*** Source material ***

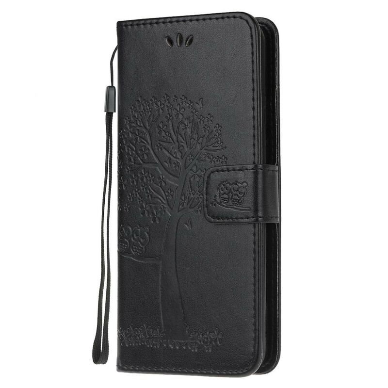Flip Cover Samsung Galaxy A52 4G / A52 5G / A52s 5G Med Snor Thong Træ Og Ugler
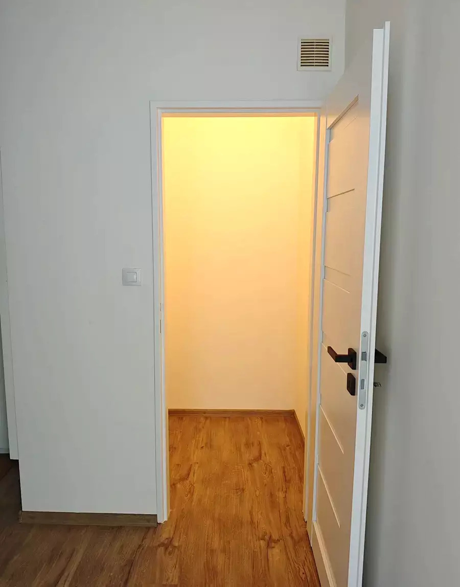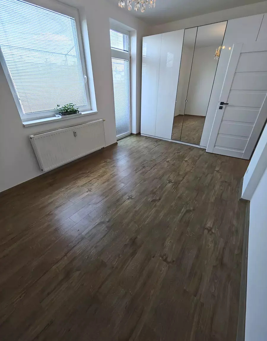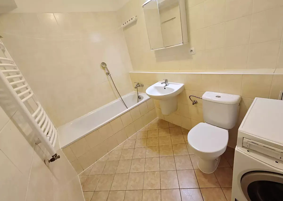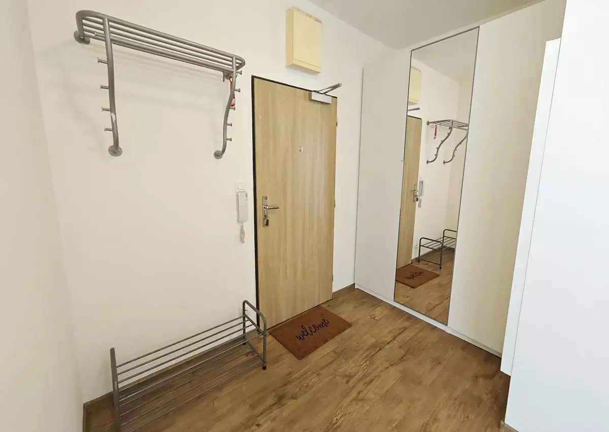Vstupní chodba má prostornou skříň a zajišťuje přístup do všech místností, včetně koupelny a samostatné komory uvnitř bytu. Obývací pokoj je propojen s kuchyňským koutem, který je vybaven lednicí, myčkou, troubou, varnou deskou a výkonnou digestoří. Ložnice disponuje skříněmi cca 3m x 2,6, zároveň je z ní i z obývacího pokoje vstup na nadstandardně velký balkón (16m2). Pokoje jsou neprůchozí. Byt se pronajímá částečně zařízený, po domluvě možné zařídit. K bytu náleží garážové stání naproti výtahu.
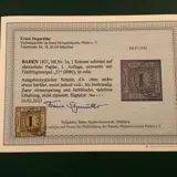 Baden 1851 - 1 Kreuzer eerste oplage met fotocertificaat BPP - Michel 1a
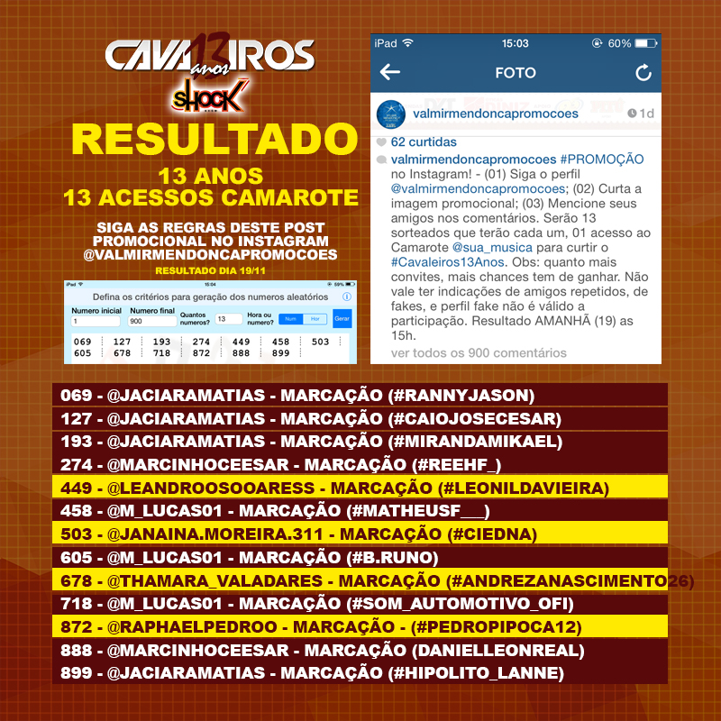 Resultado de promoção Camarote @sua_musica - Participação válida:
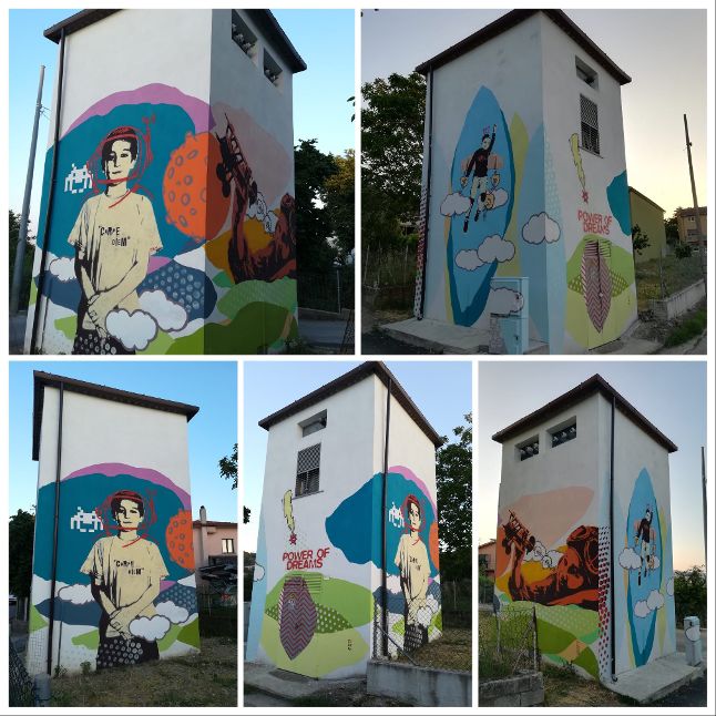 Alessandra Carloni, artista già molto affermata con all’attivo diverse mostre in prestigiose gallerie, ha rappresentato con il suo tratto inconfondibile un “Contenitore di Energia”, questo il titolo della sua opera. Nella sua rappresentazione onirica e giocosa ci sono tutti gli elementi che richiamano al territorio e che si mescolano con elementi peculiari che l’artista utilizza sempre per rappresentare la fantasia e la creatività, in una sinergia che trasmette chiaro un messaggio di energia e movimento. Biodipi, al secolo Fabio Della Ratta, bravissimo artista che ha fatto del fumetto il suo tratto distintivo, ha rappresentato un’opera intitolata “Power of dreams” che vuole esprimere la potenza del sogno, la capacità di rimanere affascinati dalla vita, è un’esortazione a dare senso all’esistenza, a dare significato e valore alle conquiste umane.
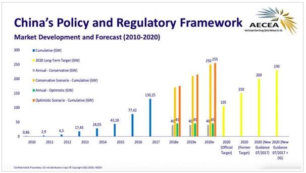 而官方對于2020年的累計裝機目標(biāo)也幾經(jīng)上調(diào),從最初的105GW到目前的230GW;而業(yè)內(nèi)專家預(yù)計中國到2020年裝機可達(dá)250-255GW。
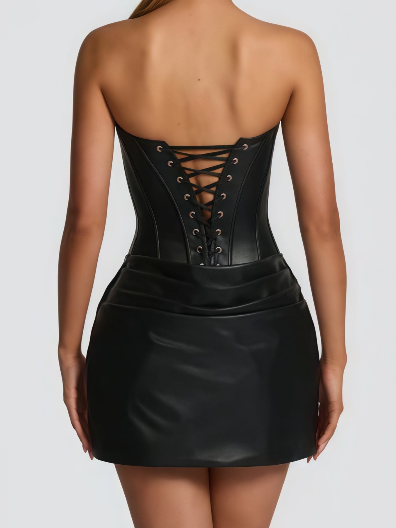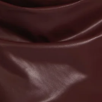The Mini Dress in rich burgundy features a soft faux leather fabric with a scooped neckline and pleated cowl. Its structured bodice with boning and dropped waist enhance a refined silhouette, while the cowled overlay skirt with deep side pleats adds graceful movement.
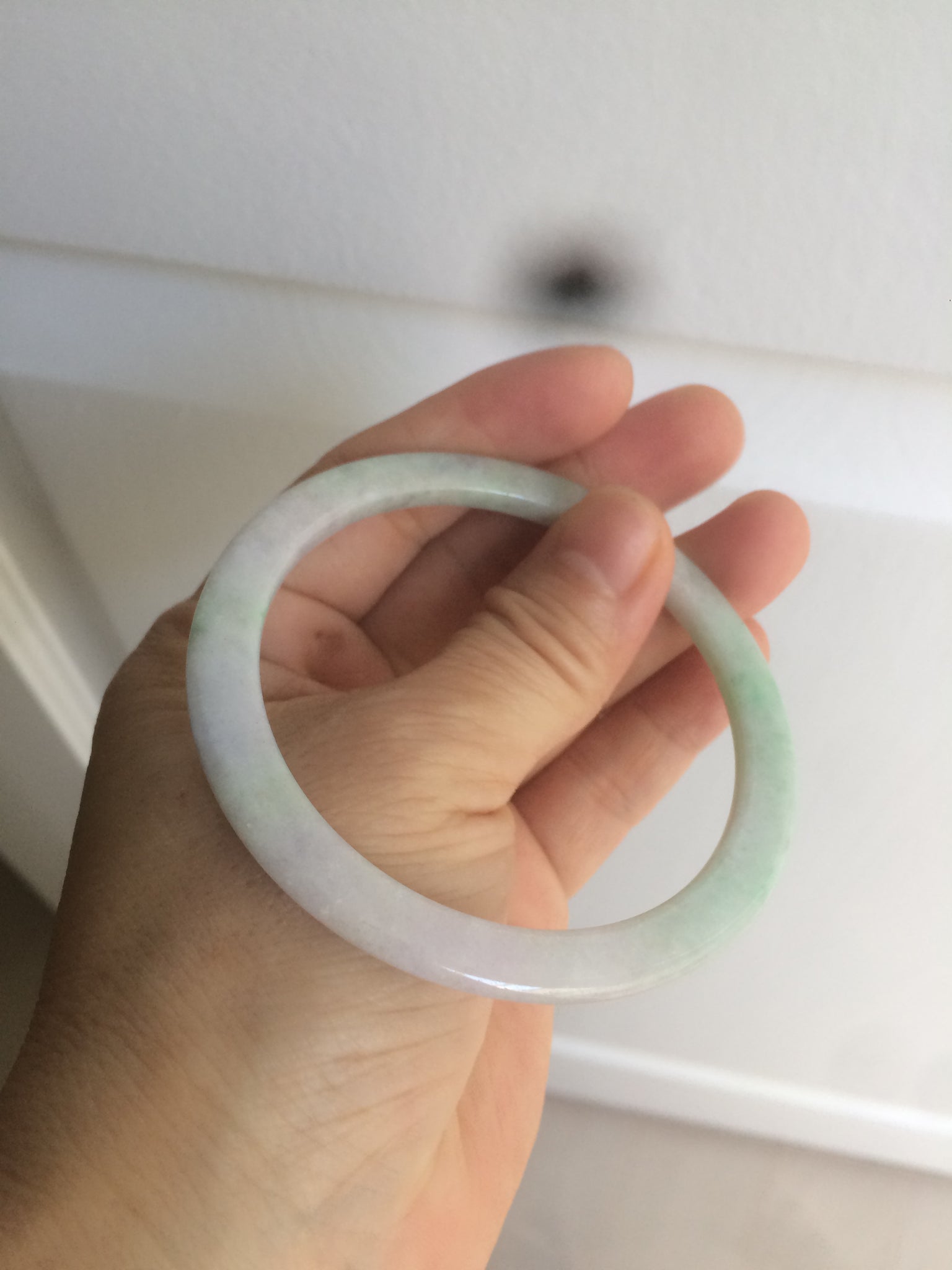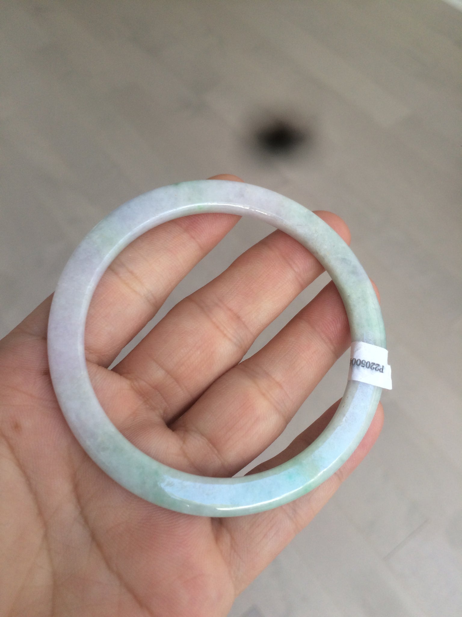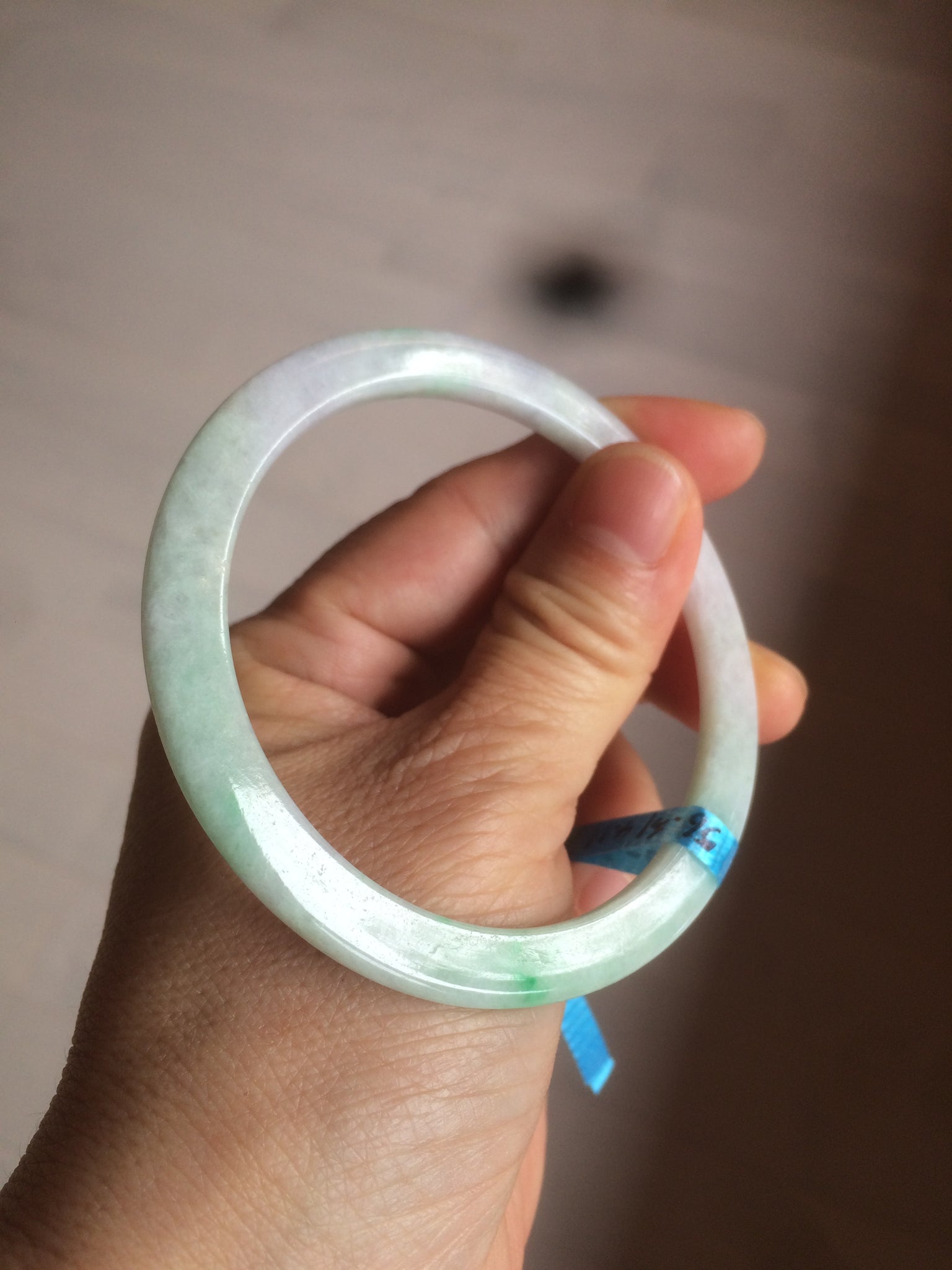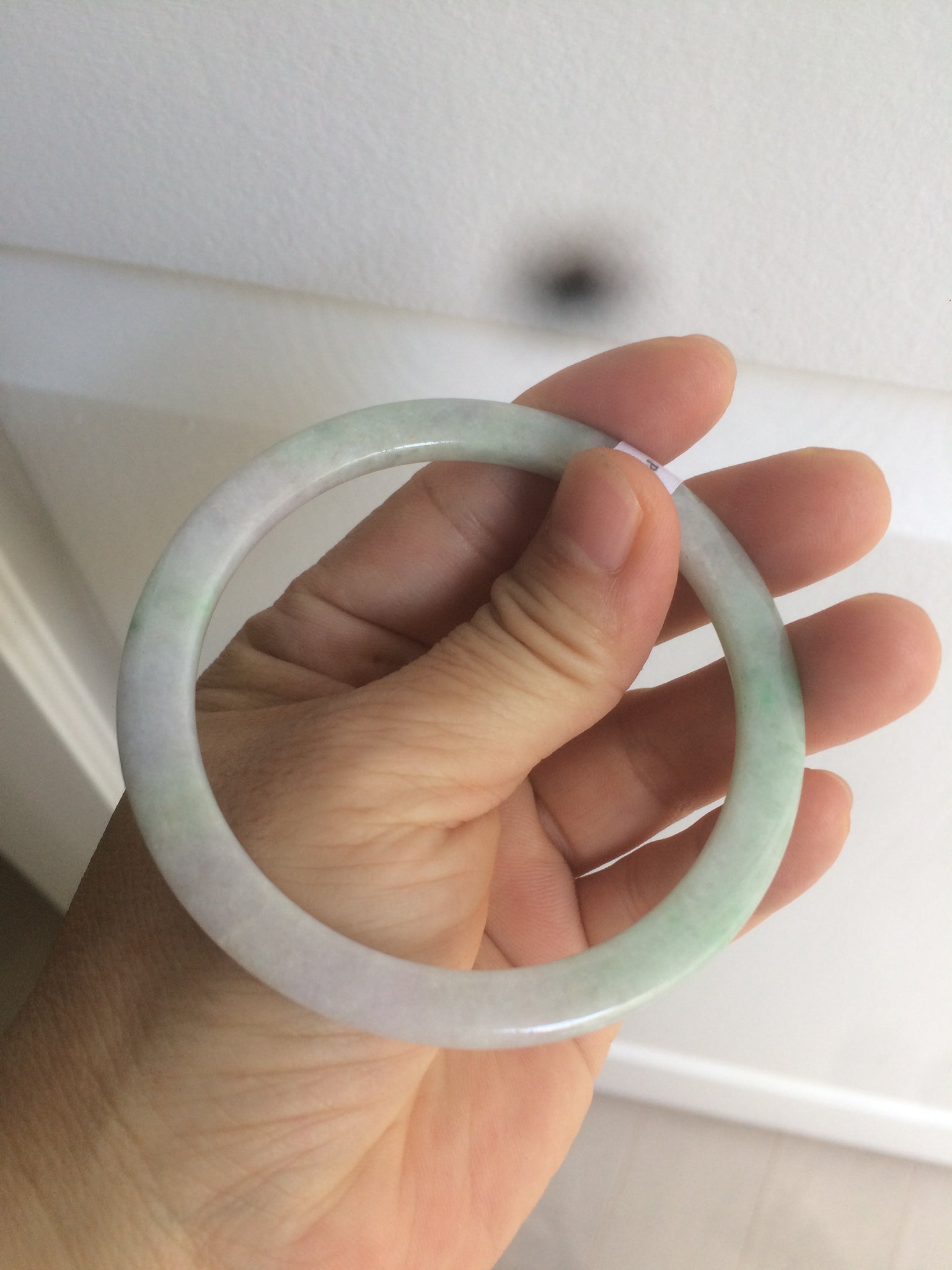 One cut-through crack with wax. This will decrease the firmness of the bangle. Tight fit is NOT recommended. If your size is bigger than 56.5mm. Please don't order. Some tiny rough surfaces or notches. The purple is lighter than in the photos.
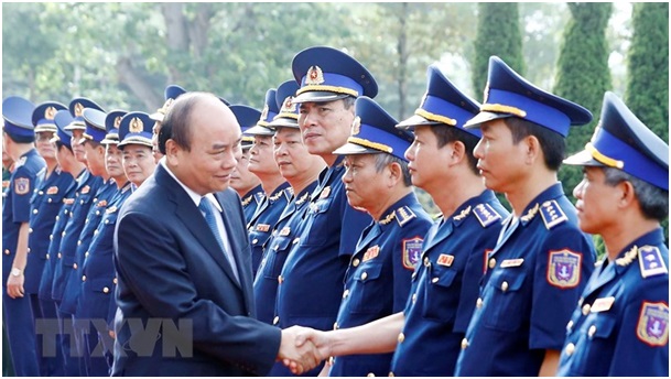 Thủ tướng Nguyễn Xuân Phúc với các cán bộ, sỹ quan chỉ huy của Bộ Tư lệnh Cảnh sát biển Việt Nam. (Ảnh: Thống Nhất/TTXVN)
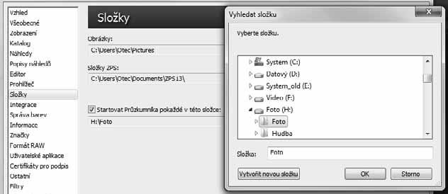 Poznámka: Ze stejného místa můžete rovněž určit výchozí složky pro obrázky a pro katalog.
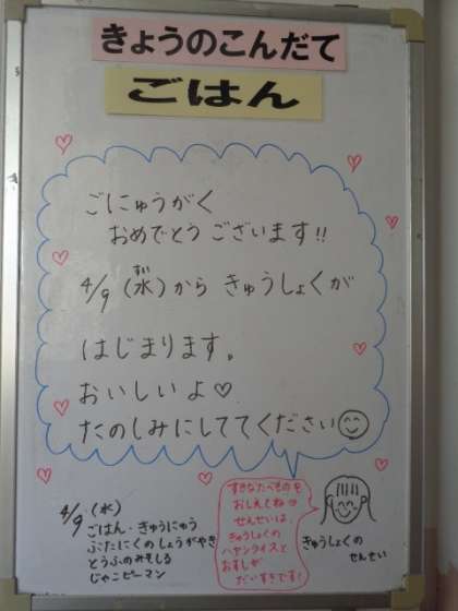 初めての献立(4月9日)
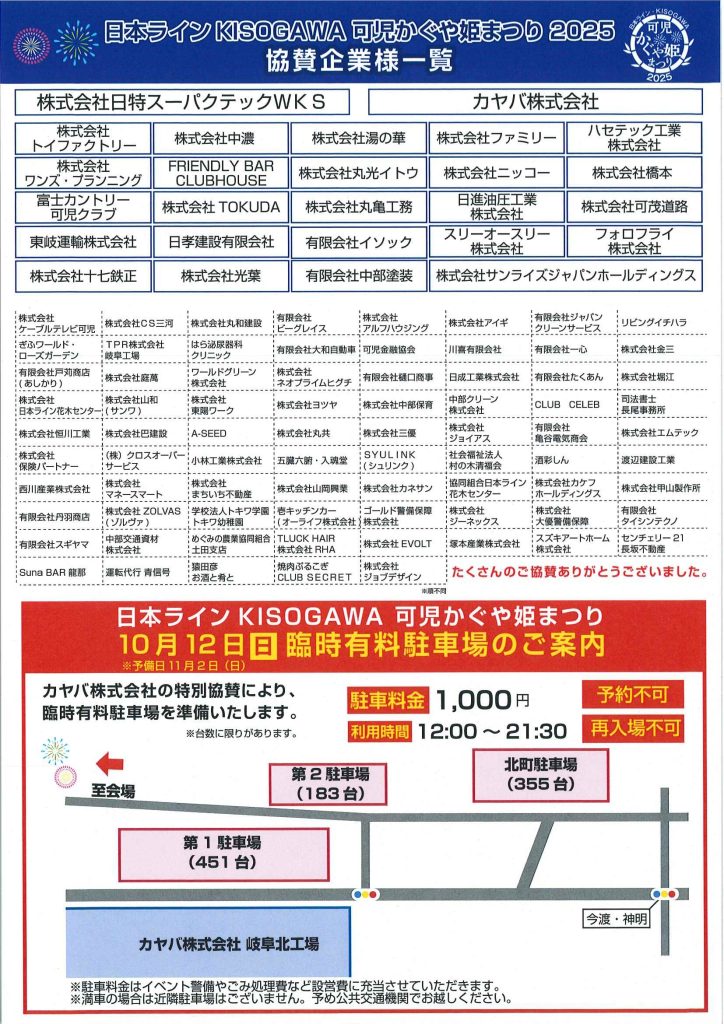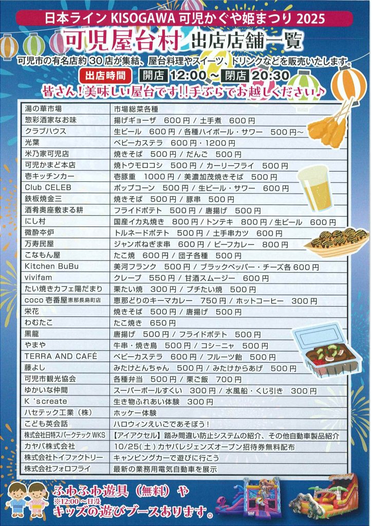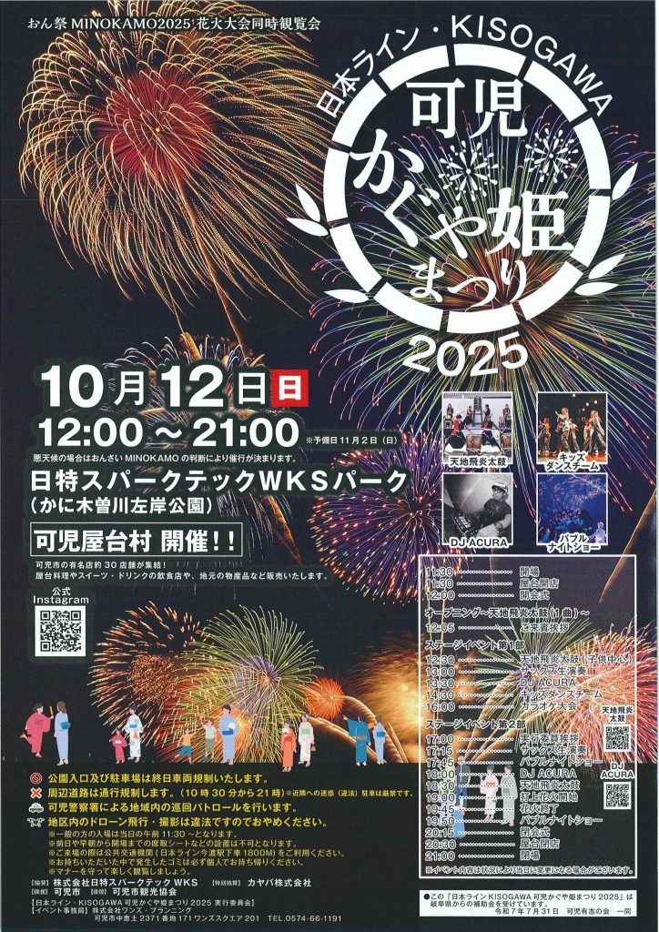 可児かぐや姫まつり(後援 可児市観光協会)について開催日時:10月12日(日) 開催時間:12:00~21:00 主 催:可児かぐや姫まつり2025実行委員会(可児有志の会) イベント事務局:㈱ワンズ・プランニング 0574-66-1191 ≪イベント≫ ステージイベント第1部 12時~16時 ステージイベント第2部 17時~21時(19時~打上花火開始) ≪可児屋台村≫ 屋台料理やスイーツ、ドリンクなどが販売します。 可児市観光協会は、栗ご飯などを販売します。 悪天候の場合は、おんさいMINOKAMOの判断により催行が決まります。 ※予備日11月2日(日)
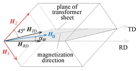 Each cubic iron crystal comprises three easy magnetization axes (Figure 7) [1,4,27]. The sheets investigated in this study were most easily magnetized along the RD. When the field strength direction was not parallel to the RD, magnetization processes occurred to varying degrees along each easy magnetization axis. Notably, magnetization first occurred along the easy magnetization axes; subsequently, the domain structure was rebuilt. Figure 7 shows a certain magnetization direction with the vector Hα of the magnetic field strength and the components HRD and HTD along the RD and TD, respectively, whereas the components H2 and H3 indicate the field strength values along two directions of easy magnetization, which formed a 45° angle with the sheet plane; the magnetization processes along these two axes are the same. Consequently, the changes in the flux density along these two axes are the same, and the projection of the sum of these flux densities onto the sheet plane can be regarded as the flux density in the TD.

*** End of Source material ***

▶ **Assignment**:
Look above for the line containing "可児かぐや姫まつり(後援 可児市観光協会)について開催日時:10月12日(日) 開催時間:12:00~21:00"; output that line and all lines after it through the last one exactly, without the pictures.

▶ **The answer**:
 可児かぐや姫まつり(後援 可児市観光協会)について開催日時:10月12日(日) 開催時間:12:00~21:00 主 催:可児かぐや姫まつり2025実行委員会(可児有志の会) イベント事務局:㈱ワンズ・プランニング 0574-66-1191 ≪イベント≫ ステージイベント第1部 12時~16時 ステージイベント第2部 17時~21時(19時~打上花火開始) ≪可児屋台村≫ 屋台料理やスイーツ、ドリンクなどが販売します。 可児市観光協会は、栗ご飯などを販売します。 悪天候の場合は、おんさいMINOKAMOの判断により催行が決まります。 ※予備日11月2日(日)
 Each cubic iron crystal comprises three easy magnetization axes (Figure 7) [1,4,27]. The sheets investigated in this study were most easily magnetized along the RD. When the field strength direction was not parallel to the RD, magnetization processes occurred to varying degrees along each easy magnetization axis. Notably, magnetization first occurred along the easy magnetization axes; subsequently, the domain structure was rebuilt. Figure 7 shows a certain magnetization direction with the vector Hα of the magnetic field strength and the components HRD and HTD along the RD and TD, respectively, whereas the components H2 and H3 indicate the field strength values along two directions of easy magnetization, which formed a 45° angle with the sheet plane; the magnetization processes along these two axes are the same. Consequently, the changes in the flux density along these two axes are the same, and the projection of the sum of these flux densities onto the sheet plane can be regarded as the flux density in the TD.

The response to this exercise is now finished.